# I saw this dude hold up two tables with his teeth.



## Thesemindz (Feb 22, 2004)

He had two small like restaurant tables stacked on top of each other and they used a forklift to raise them up to bite level. Then he bites on and they take away the lift and this guy starts spinning in a circle with two tables in his teeth. They said it was like 240 pounds or something I don't know. Then they started talking about how we could normally only bite down so hard and that our maximum bite capacity is like twenty pounds less then where our teeth start to break. Some discovery show or something.
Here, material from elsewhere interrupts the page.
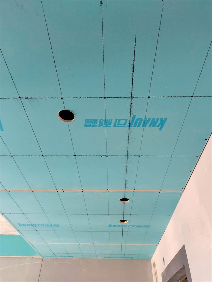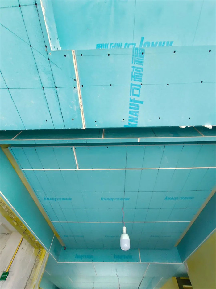 主龍骨的間距為800mm,墻邊距離200-300mm,吊棚外延口邊龍骨橫豎交叉時必須采用搭接及三角斜拉鉚固,吊筋與主龍骨銜接穩(wěn)固無松動;吊頂平梁,梁下過一層石膏板,厚度10mm,縫隙用發(fā)泡膠軟連接,所有石膏均要求切割平直,陽角不允許用石膏板原邊,合格。

Anyway, this got me curious. Just how strong is the jaw. I mean, pounds of pressure? Can the teeth be pried open? How does it break? How much stress applied at which angles? I mean, I've been hit in the jaw and I've hit people in the jaw, I'm just wondernig if anyone knows any specifics. What about splitting the point of the jaw. I knew a guy who knew a guy who split a guys jaw with an elbow smash. And two guys tell the same story. Does this corrolate with anyone else's experience?

I've seen some nasty jaw damage. At least on film. I've been lucky enough not to have any of my training partners or instructors get badly hurt. There was a scene in a movie that haunts my dreams where a kid had his teeth on a curb. That's really rather hideous in my opinion. 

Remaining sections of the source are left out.